Has PM Davis traveled excessively?

We do not believe that Prime Minister Davis has traveled excessively since coming to office.

We should remember that Davis became prime minister in mid-September 2021.

He was immediately required to attend the annual meeting of world leaders at the UN later that month.

The following month, he attended COP26 in Scotland where his remarks were featured by the international press in print, electronic and internet outlets all over the world. His absence would have been catastrophic.

In January, Davis attended the World Expo 2020 in Dubai, showcasing The Bahamas on the international stage in a manner that has not been done in nearly two years.

Davis seized the opportunity to inform the world that The Bahamas was open for business after being shut down for nearly two years because of the unfortunate and ill-advised decision of his immediate predecessor, Prime Minister Minnis, to lock down the country.

Last month, Davis represented The Bahamas at the Summit of the Americas in Los Angeles, another important meeting with the presidents and prime ministers in this hemisphere.

He then addressed the important digital assets conference in Austin, Texas, immediately after that.
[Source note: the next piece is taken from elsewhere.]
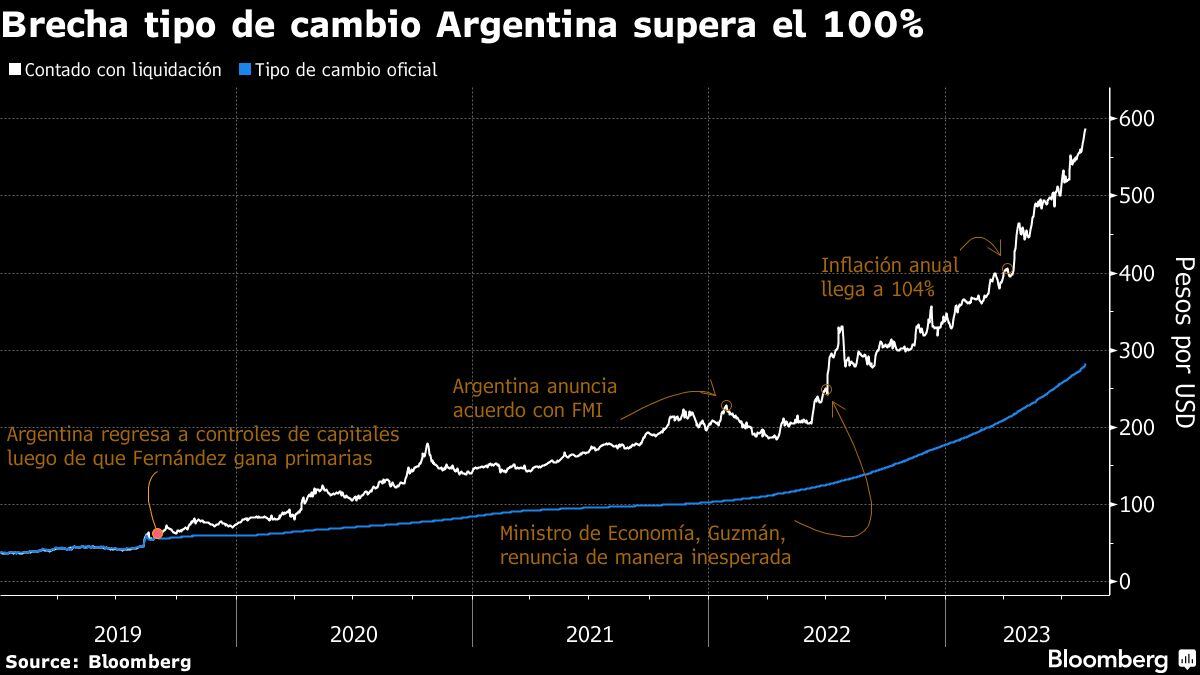 El tipo de cambio paralelo, conocido localmente como contado con liquidación, se debilitó hasta un 1.7% a alrededor de 591 pesos por dólar el lunes. El tipo de cambio oficial argentino cayó hasta un 1.4%, el mayor porcentaje intradía desde setiembre de 2020, lo que eleva la brecha entre los dos tipos a más del 109%.

This speech underscored the fact that Davis has impressively demonstrated that he intends to feature The Bahamas as a center of excellence for the nascent cryptocurrency industry, as he stated at the FTX Conference in The Bahamas several months earlier.


Prime Minister Davis has demonstrated that he is an avowed internationalist – a global leader who advocates greater political and economic cooperation and engagement among states and nations.
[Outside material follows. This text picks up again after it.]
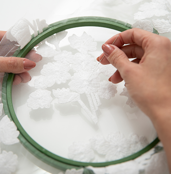 Mesmo com o suporte de alta tecnologia, o trabalho manual é protagonista em nossas etapas de desenvolvimento e produção. Um bordado Marie Mercié recebe, no mínimo, o cuidado de 7 processos manuais até ser totalmente finalizado.

As the leader of a new internationalism, Davis has demonstrated that we should engage more proactively and unite across national, political, cultural, racial and class boundaries to advance our shared interests.

His actions illustrate his belief that governments should cooperate because their long-term mutual interests are of greater importance than their short-term disputes and differences.

We believe his commitment to this variant of internationalism will pay enormous dividends to our small nation.

In the short time that he has served as prime minister, Davis has put his money where his mouth is to demonstrate that he unflinchingly understands the importance of international engagement to the future of The Bahamas.

We believe that, as the prime minister brings The Bahamas more fully into the brotherhood of nations, our challenges, some of which – like climate change – are caused by these countries, will come more fully to the attention of the world, and solutions can then be more fruitfully discussed. And with those solutions, come more opportunities for the people of The Bahamas, opportunities that can only strengthen and enhance our future.